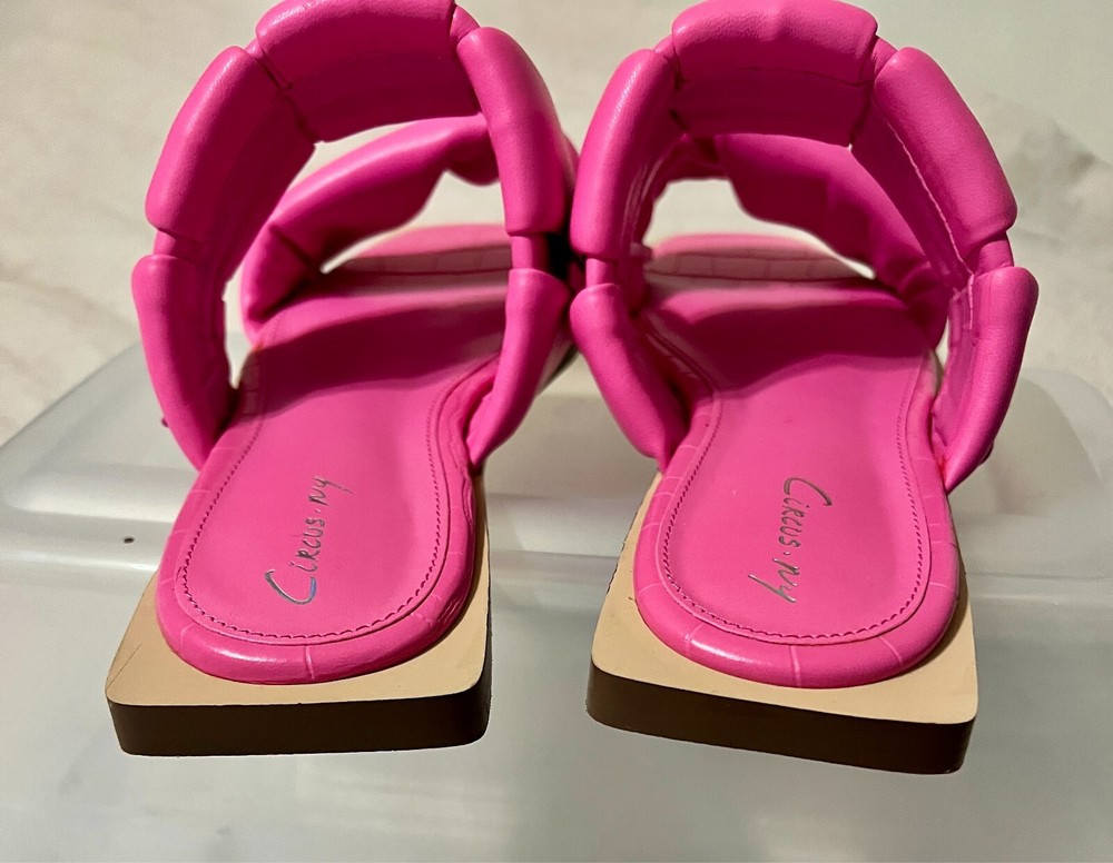 The Pink Punch Boutique Circus Inara Sandal by Sam Edelman is a stylish flat sandal in a vibrant pink color, perfect for women who wear a size 7 shoe. This sandal features a flat heel style and belongs to the SAM EDELMAN CIRCUS collection, offering comfort and style for everyday wear.
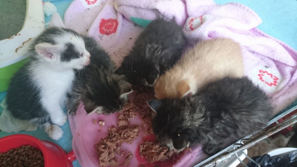 Našla je tam naše příznivkyně, která bydlí nedaleko Sluníčka a ve Velvarech pracuje. Koťátka jsou zhruba čtyřtýdenní a v příšerném stavu. Mám obavu, že tříbarevná kočička přijde o očička. Mají těžkou rýmu, sotva dýchají, nejedí, nenechají se ani pořádně nakrmit. ...
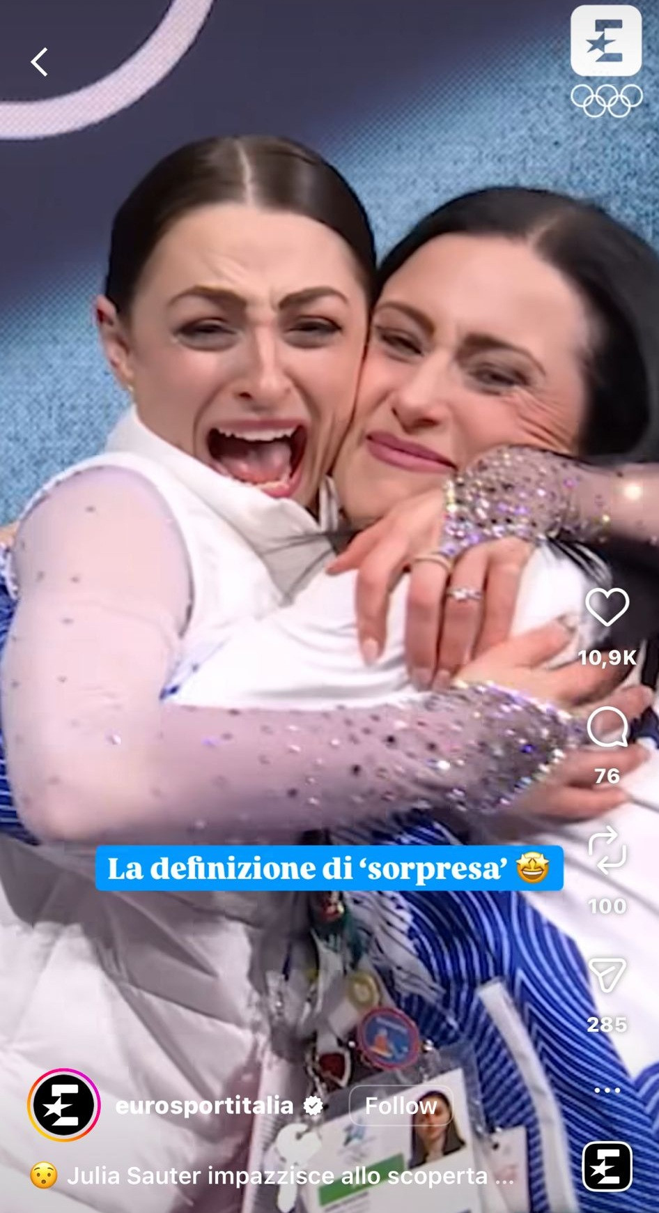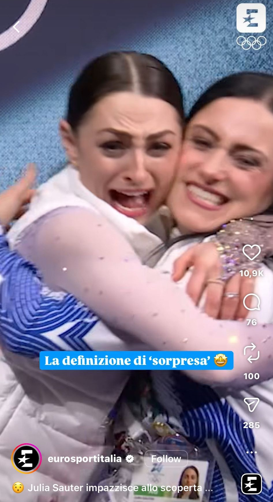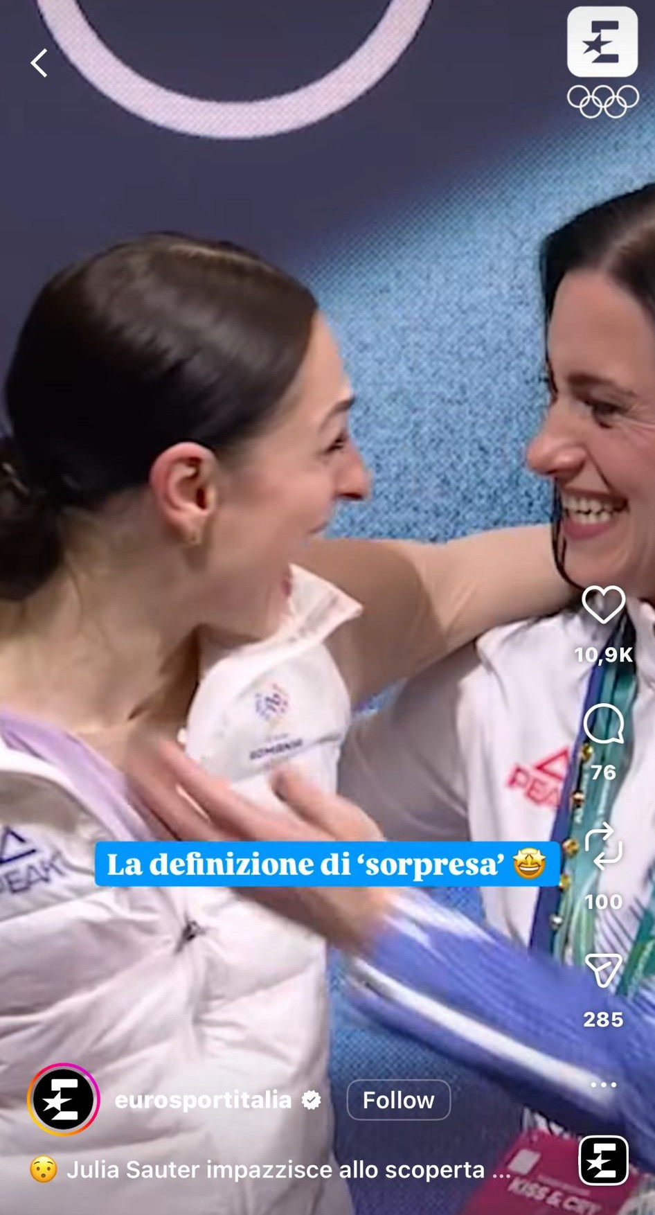 Imediat după ce a aflat că a obținut 127,80 puncte la programul liber, Julia Sauter a țipat de bucurie și și-a îmbrățișat antrenoarea, pe Roxana Luca, cea care deținea precedentul record al României la patinaj artistic (locul 23 în 2002).

= Directions =
What is wanted is the listing, written out exactly, with each picture removed.

= The completed task =
 The Pink Punch Boutique Circus Inara Sandal by Sam Edelman is a stylish flat sandal in a vibrant pink color, perfect for women who wear a size 7 shoe. This sandal features a flat heel style and belongs to the SAM EDELMAN CIRCUS collection, offering comfort and style for everyday wear.
 Našla je tam naše příznivkyně, která bydlí nedaleko Sluníčka a ve Velvarech pracuje. Koťátka jsou zhruba čtyřtýdenní a v příšerném stavu. Mám obavu, že tříbarevná kočička přijde o očička. Mají těžkou rýmu, sotva dýchají, nejedí, nenechají se ani pořádně nakrmit. ...
 Imediat după ce a aflat că a obținut 127,80 puncte la programul liber, Julia Sauter a țipat de bucurie și și-a îmbrățișat antrenoarea, pe Roxana Luca, cea care deținea precedentul record al României la patinaj artistic (locul 23 în 2002).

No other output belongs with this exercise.